Element 4: Sexual Parts
Ms. A.M. does not provide any sworn statement that defendant House did anything more than “put his hand up my shirt,” and this falls just short of supplying the element of “sexual or other intimate parts” as required by the forcible touching statute. However, defendant’s statement to Investigator Huddle on February 28, 2014 (see CPL 710.30 notice by People) provides the necessary element of “sexual or other intimate parts” especially when read together with Ms. A.M.’s sworn statement. Investigator Huddle summarizes that defendant admitted that his hand made contact with Ms. A.M.’s breast. Although defendant claims the contact was accidental, this claim presents a factual issue to be decided by the trier of fact at time of trial. Ms. A.M.’s allegations that she was “scared” and “didn’t know how to tell him to stop” when taken together with defendant’s admission that his hand contacted her breast, when viewed in the light most favorable to the People, provides sufficient evidence that defendant made contact with the victim’s breast, i.e., a “sexual or other intimate part.”
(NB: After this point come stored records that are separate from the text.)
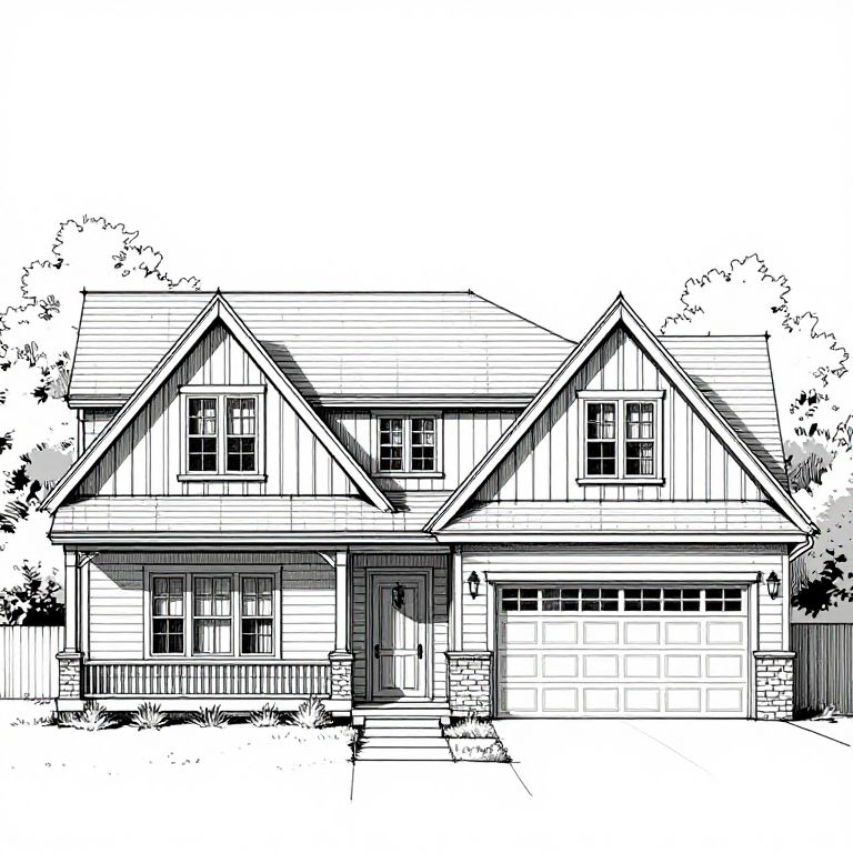A detailed black-and-white architectural sketch showcases a Craftsman-style home with a front elevation featuring a gabled roof, dormer windows, and a garage, rendered in a clean, hand-drawn style with precise lines and shading to highlight its classic design elements.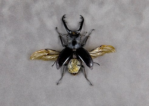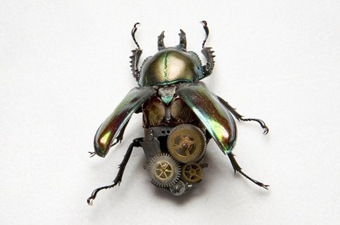 Lindsey Bessanon began her creative career as a jeweler in arizona, USA in 2003, casting insects in gold or silver. However, bessanon’s work soon morphed into one more sculptural in nature as she hoped to appreciate the coloring of each bug by adding metallic parts, resulting in a collection of robotic bugs.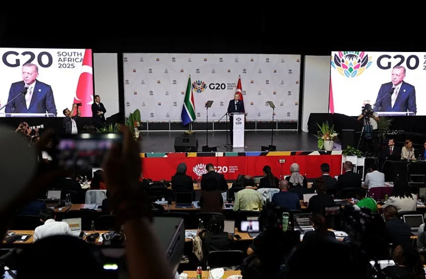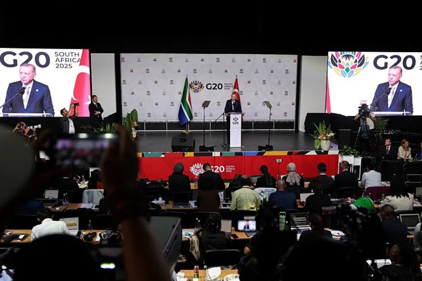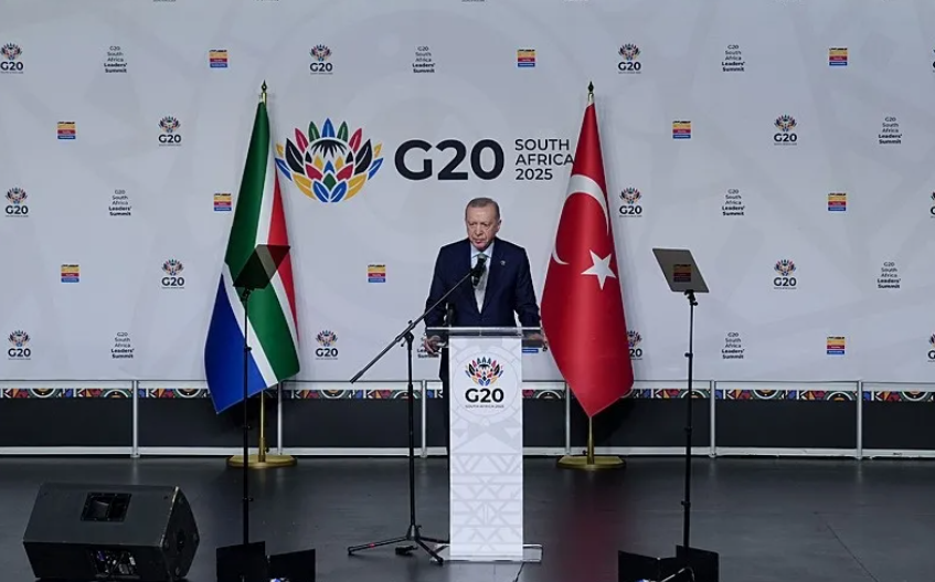 Güney Afrika'nın ev sahipliğinde "Dayanışma, Eşitlik ve Sürdürülebilirlik" temasıyla 20'ncisi düzenlenen zirvenin tüm insanlık için hayırlara vesile olmasını dileyen Erdoğan, şahsına, eşine ve heyetine gösterdikleri hüsnükabul için Güney Afrika Cumhurbaşkanı Cyril Ramaphosa'ya teşekkür etti.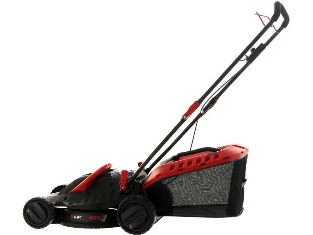 Tondeuse à gazon électrique RATO RBLM40 à poussée manuelle avec batterie aux ions de lithium et chargeur inclus.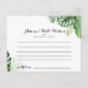 Este cartão de conselho de casamento tropical é perfeito para um casamento simples. A design apresenta palma verde de cor d'água pintada à mão e folhas de bananeira bem organizadas em belos buquês. Estas cartas são perfeitas para um casamento, chá de panela, chá de fraldas, festa de formatura e muito mais. Personalize as cartas com os nomes da noiva e do noivo, dos futuros pais ou do formando.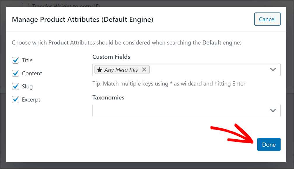 Herhangi bir Meta Anahtar, herhangi bir özel alanı otomatik olarak aranabilir hale getirmenizi sağlayan SearchWP kısayoludur. İsterseniz belirli özel alanların adlarını da girebilirsiniz.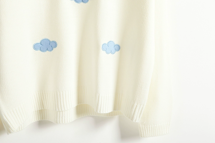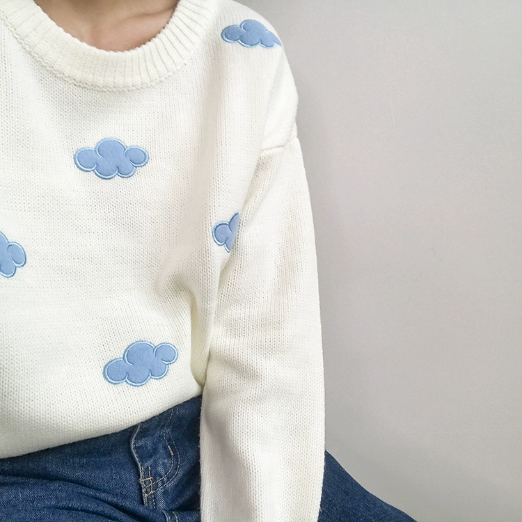 Этот продукт кажется довольно высоким качеством. Вышитые на свитере тучки отличаются от остальных. Они почти на ощупь бархатистые, и я думаю, что это действительно хорошая деталь. Сам Свитер немного зуд, но в целом все равно хороший.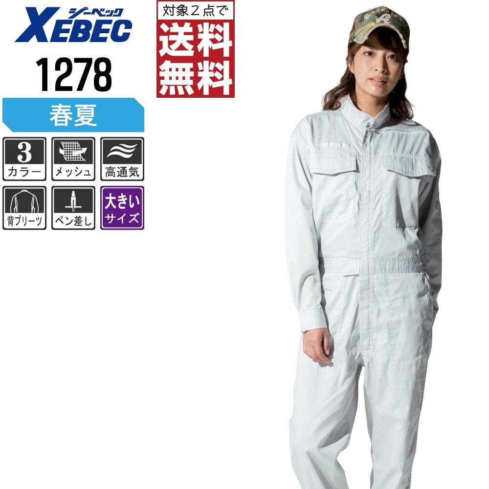 ジーベック 春夏 長袖 つなぎ 脇下・ウエスト メッシュ 1278 色:チャコールグレー サイズ:4L ★ 対象2点 送料無料 ★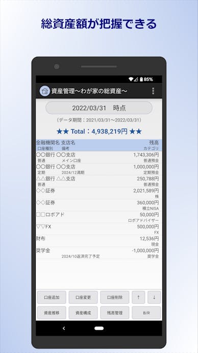 『資産管理・ポートフォリオ』は、株や預金など複数の資産残高を手入力で更新し、総資産を自動集計できるシンプルな管理アプリ。

Element 5: For the Purpose of Degrading or Abusing the Alleged Victim, or, for the Purpose of Gratifying the Actor’s Sexual Desire
The fifth element “for the purpose of degrading or abusing the alleged victim, or, for the purpose of gratifying the actor’s sexual desire” can be inferred from the defendant’s alleged conduct. The People have sufficiently satisfied this element. (See People v Fuller, 50 AD3d 1171 [3d Dept 2008].)
The forcible touching count against defendant House is therefore legally insufficient and defendant’s motion is granted and the accusatory instrument is dismissed.
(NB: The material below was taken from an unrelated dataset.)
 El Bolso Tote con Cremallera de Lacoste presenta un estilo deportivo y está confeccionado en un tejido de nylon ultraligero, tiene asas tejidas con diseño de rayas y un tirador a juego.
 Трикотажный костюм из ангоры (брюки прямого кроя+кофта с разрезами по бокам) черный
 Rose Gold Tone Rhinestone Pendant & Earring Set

Penal Law § 130.05 (3) (i) provides that a person is incapable of consent when she is a resident or inpatient of a residential facility operated, licensed or certified by (i) the office of mental health or (ii) the office for people with developmental disabilities and the actor is an employee of such facility. It appears as though the People may also pursue lack of consent based upon this theory as Ms. A.M. is alleged to be a resident of Lakeview Mental Health and defendant is alleged to be an employee at the time of the incident.